The Little Rock School District Board voted Wednesday to file a lawsuit challenging the state law that prohibits public mask mandates.
Attorney Chris Heller of Friday, Eldredge & Clark, representing the district, said the Marion School District is likely to join the suit, which will be filed tomorrow.
Marion School District Superintendent Glen Fenter was at the state Capitol today pleading with legislators to amend the law. After a little more than a week of school, the district already has 730 students and staff out on quarantine and 43 with active COVID-19 infections. Despite Fenter’s testimony, there appears to be no momentum for a legislative remedy.
Attorney Tom Mars has already filed a lawsuit on behalf of two parents challenging the law. That case was assigned to Pulaski County Judge Tim Fox, who will hold a hearing on whether to grant a temporary restraining order at 9:45 a.m. Friday. Here’s Mars’ brief arguing for the temporary restraining order. Heller said he’d worked with Mars and the two had shared ideas.

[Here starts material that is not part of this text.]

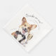 Apresentamos a nossa encantadora e cativante Guardanapo Personalizável de Aquarela do Charmoso Corgi Galês de Pembroke Garçom - uma peça de declaração perfeita para os seus eventos inesquecíveis! Este guardanapo encantador apresenta uma caprichosa obra de arte pintada à mão em aquarela de um feliz Corgi Galês de Pembroke vestido de garçom, exclamando 'Drinks on me!'. Com seu design imaginativo e caloroso, este guardanapo é um iniciador de conversas que adiciona um toque de diversão ao seu casamento, aniversário ou qualquer outra ocasião especial.

He told the board it was likely that the Little Rock School District suit would also be assigned to Fox and included in Friday’s hearing and Fox would likely issue a ruling Friday.
Heller said that each lawsuit makes similar arguments, but where Mars’ brief asking for a temporary restraining order leads with an argument that the mask ban law violates constitutional separation of powers, the Little Rock School District suit begins with the education article of the Arkansas Constitution, the key language of the pivotal Lake View Arkansas Supreme Court decision. That ruling set the standard for K-12 education funding in Arkansas. The education article says, “the State shall ever maintain a general suitable and efficient system of free public schools and shall adopt all suitable means to secure to the people the advantages and opportunities of education.”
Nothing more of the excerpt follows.